Et si on s’autorisait à dormir (un peu) au travail ?

25 juillet 2025

Le 22 juillet dernier, le Ministère de la Santé a lancé une feuille de route interministérielle pour améliorer la qualité du sommeil, dans laquelle la sieste occupe une place - modeste. Yannick Neuder, le ministre de la santé s’est lui-même déclaré très favorable à la sieste, y compris au sein des entreprises. Celle-ci améliore la mémoire, renforce la concentration, réduit le stress, et semble bénéfique vis-à-vis du système cardiovasculaire. Dormir pour mieux travailler ? La science dit oui.

La sieste au travail est perçue de manière très contrastée selon les cultures. En Chine, le shui wu jiao, ou repos de la mi-journée, fait partie intégrante du rythme quotidien, y compris en entreprise. Au Japon, l’inemuri (« être présent tout en dormant ») est toléré, voire valorisé, comme le signe d’un engagement professionnel.

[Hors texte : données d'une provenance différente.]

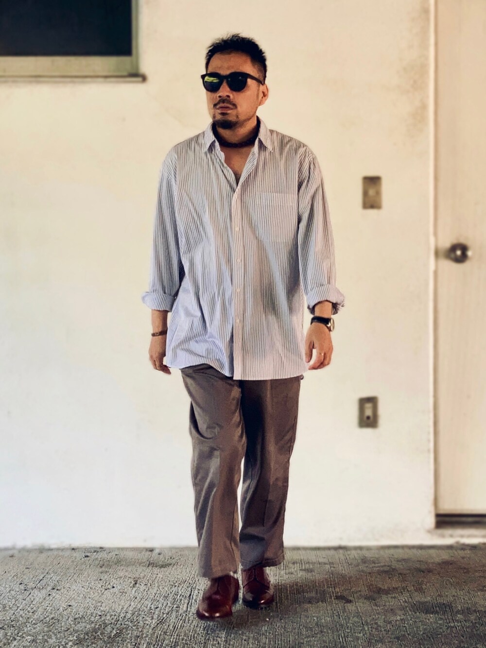 5月上旬 朝 14℃(23/11) シンプル&プチプラ uniqloのドレスシャツ。 seven uniformのリアル作業パンツ。 ビンテージの革靴。 サングラスと腕時計以外はすべて中古。 全てのアイテムはエージングされ着心地が良い。 uniqloのブロードコットンは経年変化することで肌触りが良く自然な落ち感も出てくる。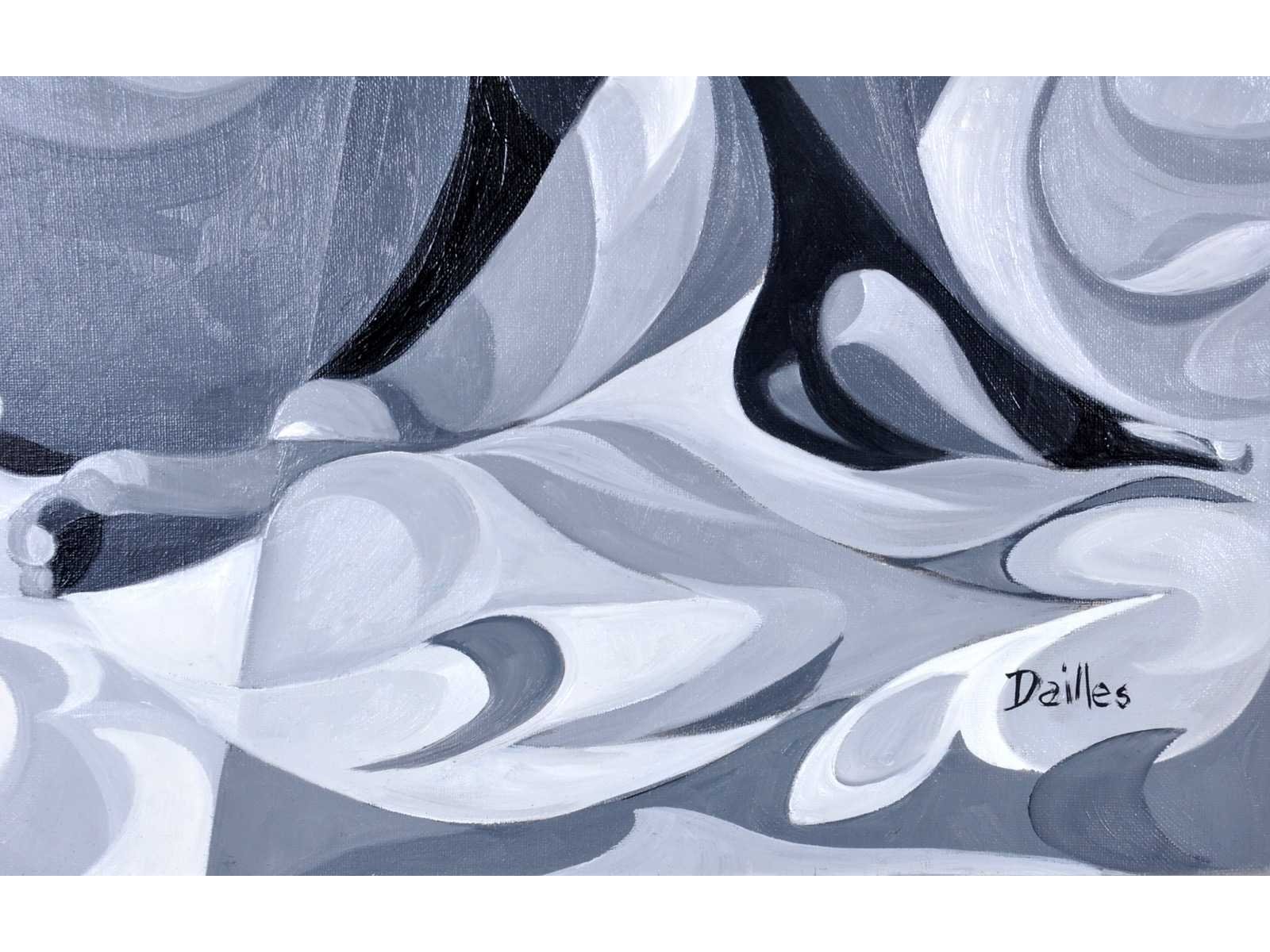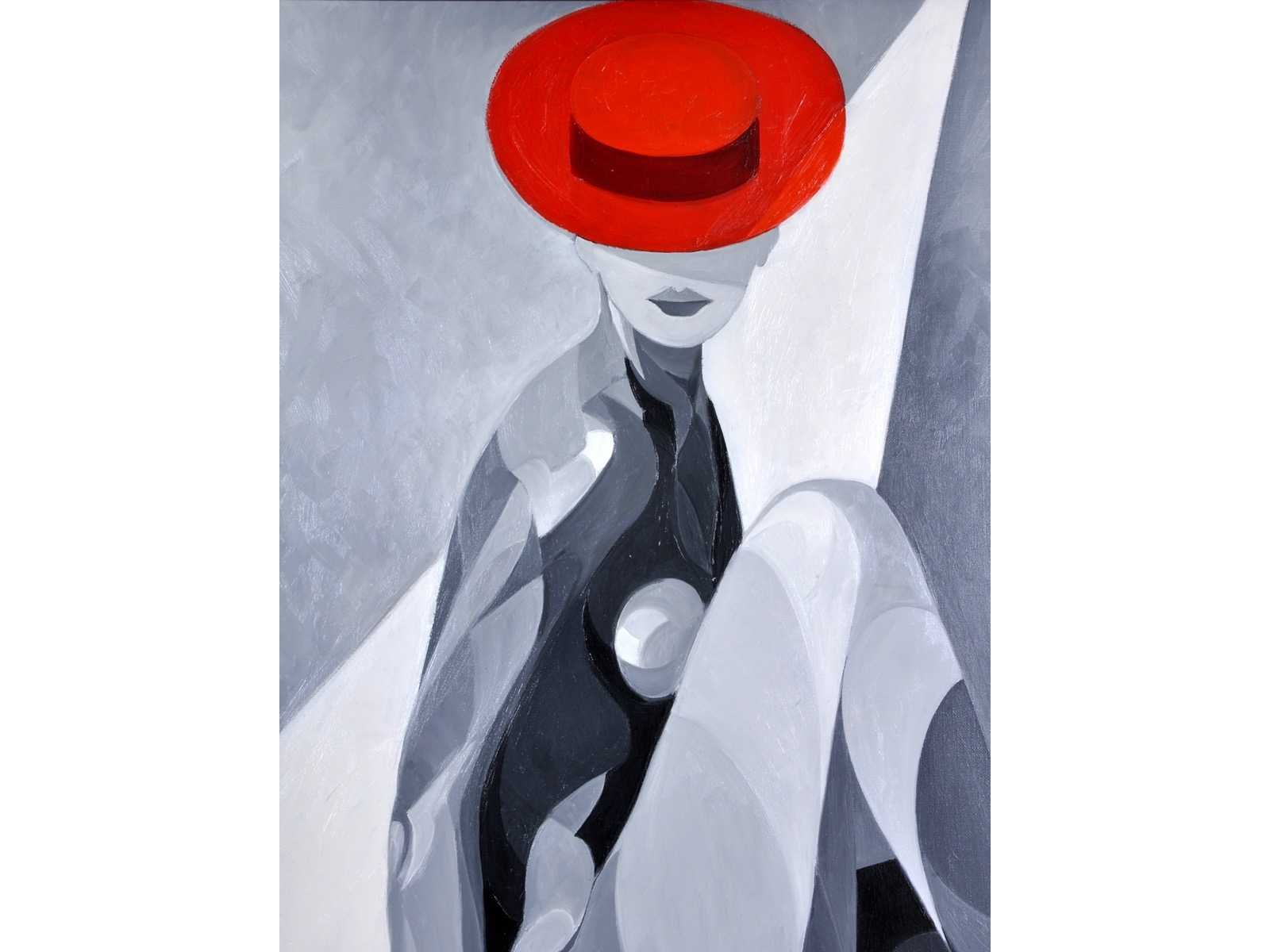 Gestileerde compositie in kubistische stijl, met een zittende figuur opgebouwd uit geometrische vormen in blauw, wit en zwart. De figuur wordt dramatisch belicht door twee lichtbundels en is uitgevoerd met sterke contrasten en vloeiende lijnen - Professioneel ingelijst - Galerieprijs: 2.500 € Nee Kunstenaar: Pierre Dailles Titel van werk: Vrouw met Rode Hoed Techniek: Gemengde techniek op doek Handtekening/oplage: true Gesigneerd: Gesigneerd Hoogte: 92cm Breedte: 73cm Hoogte incl. lijst: 111cm Breedte incl. lijst: 91,5cm Frame: true

En Espagne, la sieste appartient à l’identité culturelle, même si elle tend à disparaître des usages urbains. À l’inverse, dans d’autres pays, cette pratique peut encore être mal vue, évoquant parfois un manque de sérieux, aussi bien aux yeux des collègues que de la hiérarchie. En France, il semblerait que le tabou tombe peu à peu.

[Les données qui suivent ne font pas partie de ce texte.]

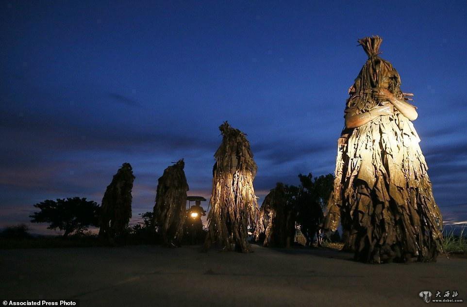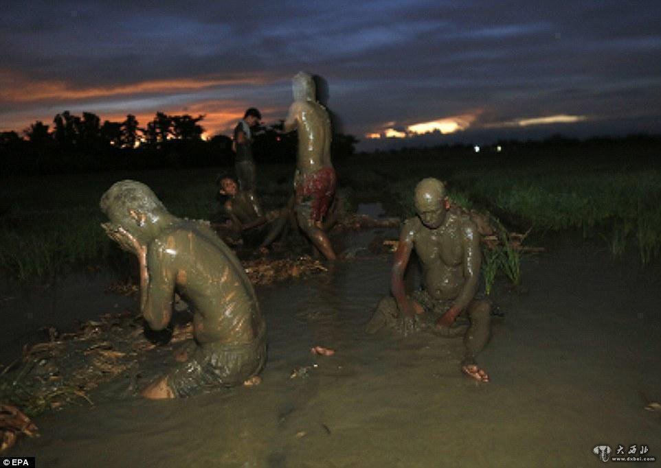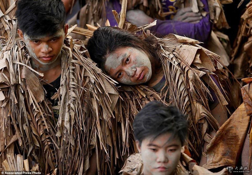 参加仪式前,这些裹着香蕉树叶的村民都会欢呼着在泥地里打滚。
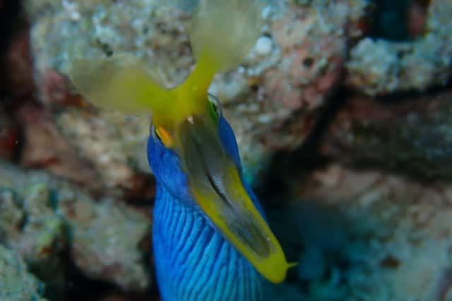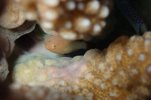 サンゴの隙間にはかわいいカサイダルマハゼも

La sieste au travail ? 70 % des Français y sont favorables

Selon un sondage réalisé par l’agence d’intérim Adecco, 69 % des Français sont favorables à une sieste au travail, à condition que cela ne les retarde pas pour rentrer chez eux ! Aujourd’hui, seules quelques grandes entreprises ont effectivement aménagé un espace adapté. Les Français en auraient bien besoin. Chez 56 % d’entre eux, les problèmes de sommeil provoquent au moins une nuisance au travail. En médecine du travail, 20 à 40 % des salariés se plaignent de leur sommeil, avec pour principale conséquence la somnolence diurne, qui entraîne une baisse de vigilance. Cette somnolence excessive multiplie par deux les difficultés professionnelles, notamment dans la gestion du temps, les relations et l’efficacité, selon l’enquête Sommeil et vie active de l’Institut national du sommeil et de la vigilance. Les répercussions de ces troubles du sommeil concernent l’énergie, le dynamisme (pour 45 % des personnes interrogées) et la concentration/ la capacité à ne pas faire d’erreur (29 %).

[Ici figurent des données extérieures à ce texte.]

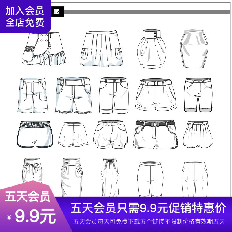 Женские шорты короткие юбки -диаграмма вектор может редактировать материал для дизайна женских брюк CDR.Формат файлов: количество файлов CDR: 2 (включая 1 -м JPG усадку), открыты версии CDRX4 и выше, подходящие для справочного дизайнерского дизайнерского дизайнера, векторный материал для дизайна женских штанов.

Vous dormez debout ? Micro-sieste : cinq minutes qui changent tout

En semaine, les Français dorment en moyenne 7 heures par nuit, et jusqu’à 7 h 38 le week-end. Pourtant, près d’un quart d’entre eux dort moins de 6 heures, un temps insuffisant. Ces données révèlent que les besoins en sommeil restent largement insatisfaits. Si peu de Français se déclarent somnolents, plus d’un quart le sont réellement, dont 7 % de façon sévère. Le Pr Pierre Philip, chef du service universitaire de médecine du sommeil du CHU de Bordeaux, ajoute : « avec plus de 20 % d’insomniaques et 10 % de personnes souffrant d’apnées du sommeil, le mauvais sommeil nocturne et la somnolence diurne excessive sont le pain quotidien des Français ». Un constat qui invite à s’interroger sur la place de la sieste dans le cadre professionnel.

Outre la prise en charge des maladies pouvant induire une somnolence en journée (apnées du sommeil, insomnies, syndrome des jambes sans repos…) ou en cas de travail en horaires décalés, la sieste de « 10 à 20 minutes » ou même la micro-sieste (sieste « flash) a de nombreux avantages : elle réduit la somnolence diurne, améliore la vigilance, la mémoire, les performances et la productivité. Elle diminue également le risque d’accident du travail.

Sur le plan cardiovasculaire, selon des données présentées lors du congrès américain de cardiologie 2019, la sieste serait associée à une baisse de la pression artérielle chez des patients hypertendus pourtant déjà bien contrôlés. En moyenne, une réduction de 5,3 mm Hg de la pression systolique sur 24 heures a été observée chez ceux qui faisaient une sieste, par rapport à ceux qui n’en faisaient pas. Or, selon les auteurs, une diminution même modeste (dès 2 mm Hg) peut réduire le risque d’infarctus de 10 %.

La sieste flash, la solution au bureau

Il existe plusieurs types de siestes, à adapter selon le contexte et le moment de la journée. Tout d’abord la sieste type, d’une durée comprise entre 15 et 20 minutes. Elle correspond à une phase de sommeil lent léger, sans risque d’inertie au réveil. Si l’endormissement prend plus de 20 minutes lors de la sieste, cela signifie que ce n’est pas le bon moment ou que la sieste n’est pas nécessaire. La vigilance baisse naturellement entre 13 h et 15 h, ce qui en fait le moment idéal pour une sieste. En revanche, au-delà de 16 h, dormir devient contre-productif : cela risque de perturber le sommeil nocturne.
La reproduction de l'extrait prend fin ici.